Accommodation is self-catering. There is no drinking water, and rooms are shared. On the positive side, the gîte has hot and cold running water, central heating, and access to three nearby bird hides, all included in the stay. It’s simple, but perfectly suited to its surroundings.
The only truly disastrous moment came upon arrival. The sheer number of mosquitoes was astonishing. We grabbed our bags and ran for the door, barely stopping until we were safely inside. Being the first to arrive that evening, we took immediate advantage of the quiet, showered, and started preparing dinner while the adrenaline wore off.
Day Two: Wind and Water
By morning, the Camargue felt completely different again. The light was sharper, the air cooler, and the wind unmistakable. We drove to Saintes-Maries-de-la-Mer and set out along the sea dike trail, with the Mediterranean on one side and lagoons on the other.



The walk was exhilarating at first, the kind of exposed landscape that makes you feel very small. But the wind was relentless. After about two hours of walking straight into it, we turned back, windswept and slightly sandblasted, but glad to have seen the coastline in such a dramatic state.
Pont de Gau: Stops 11 to 16
Late morning drew us back inland and once again to the Ornithological Park of Pont de Gau. We ate lunch at the bar area inside the park, grateful for some shelter from the wind. Supplies bought in Arles the day before turned into a simple but perfect meal: cheeses, charcuterie, crisp radishes, and strawberries. Eating well, outdoors, in the middle of the wetlands felt like a small luxury.

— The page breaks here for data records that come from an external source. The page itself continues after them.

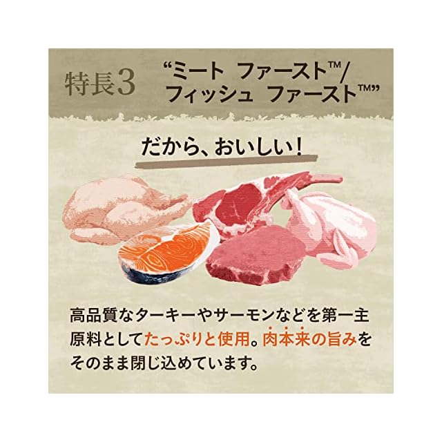 高品質なターキーやサーモンなどを第一主原料としてたっぷりと使用。肉本来の旨みをそのまま閉じ込めています。
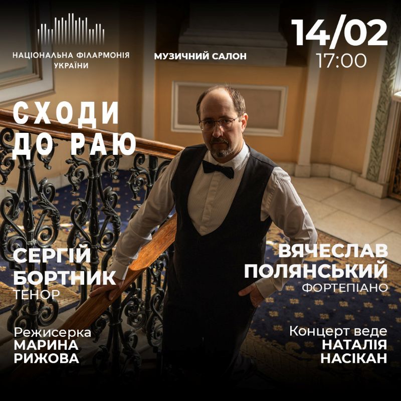 14 лютого у програмі «Сходи до раю» у виконанні соліста філармонії тенора Сергія Бортника та джазового піаніста В’ячеслава Полянського прозвучать пісні з голлівудських мюзиклів та кінофільмів, спірічуелси, фортепіанні джазові імпровізації: саме та музика, яка повинна звучати у День закоханих. Публіка матиме чудову нагоду пригадати атмосферу культових фільмів та мюзиклів «Кабаре», «Ні, ні, Нанетта», «Історія кохання», «Моя чарівна Леді», насолодитися Гершвіном і джазовими імпровізаціями. Родзинки концерту додадуть також відомі спірічуелси.
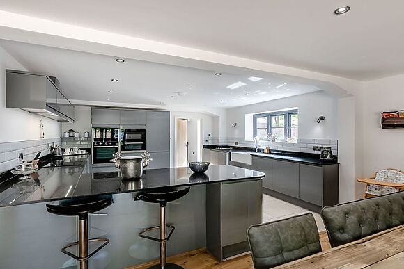 Five bathrooms serve the bedrooms. The huge games and cinema room opens via bi-fold doors onto the terrace and rear garden.
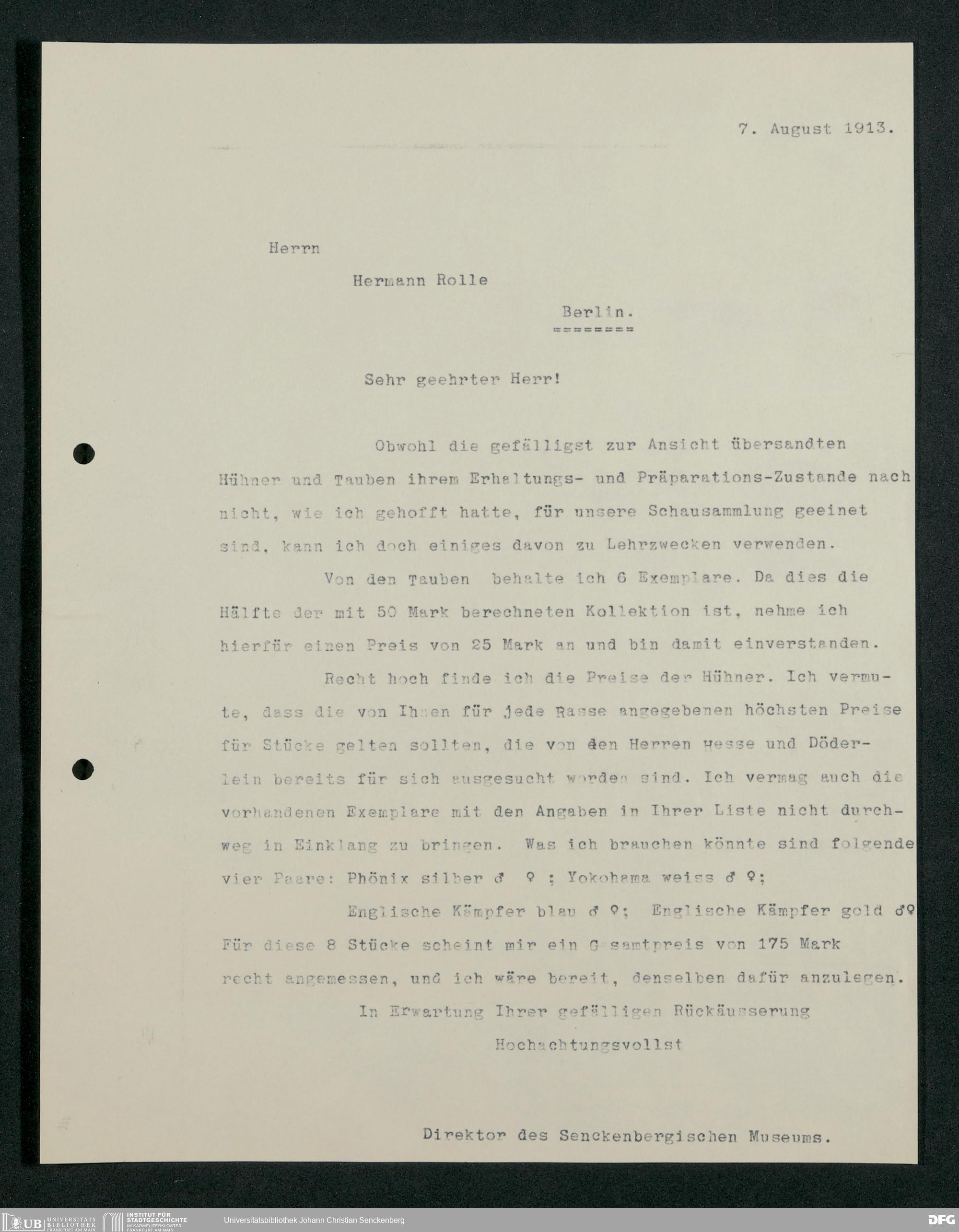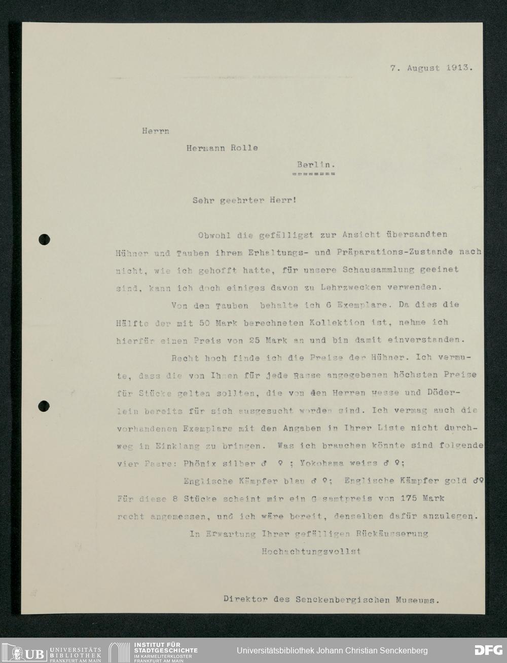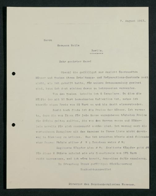 V176 Senckenberg Gesellschaft für Naturforschung, 210 - Erwerb zoologischer Exponate bei der Firma Kosmos Naturhistorisches und ethnographisches Institut Hermann Rolle

Having covered stops 1 to 10 the day before, we spent this visit walking the left-hand side of the park, stops 11 through 16. This section felt quieter and more expansive, with longer stretches between observation points and fewer people. The experience was less about close encounters and more about watching the landscape as a whole. We moved slowly, stopping often, letting birds come and go rather than seeking them out.


From Wetlands to Walls
In the afternoon, we left the Camargue behind and drove to Aigues-Mortes. After two days of flat, open wetlands and shifting horizons, the sudden appearance of its perfectly preserved medieval walls felt almost unreal. Rising sharply from the surrounding salt flats, the city looks less like it has grown out of the landscape and more like it has been placed there deliberately.
We walked along the ramparts, where the view outward revealed the Camargue once again: lagoons, salt pans, and wide skies stretching in every direction. From above, the scale of the surrounding wetlands became even clearer, and it was striking to see how isolated the city still feels, despite its historical importance. Inside the walls, narrow streets and stone buildings created a sense of enclosure we hadn’t felt in days, a sharp contrast to the exposure and openness of the marshes.



Aigues-Mortes was founded as a port city, and although the sea has long since retreated, that sense of purpose remains embedded in its layout and fortifications. Walking through the town felt like stepping briefly into a different rhythm, one shaped by defence and trade rather than tides and migration. The shift was refreshing rather than jarring, offering a human counterpoint to the natural landscapes that had defined most of our time in the Camargue.

As evening approached, the light softened against the pale stone walls, and the city felt calmer, less performative. It was a fitting final stop, a place that gathered together the themes of land, water, and history before we moved on. From there, we continued north to Combaillaux, where we cooked dinner at our Airbnb and finally slowed down, marking a quiet end to our time in the Camargue.
The Camargue is a place that truly rewards slowing down — we saw so many birds! Have you ever seen that many flamingos?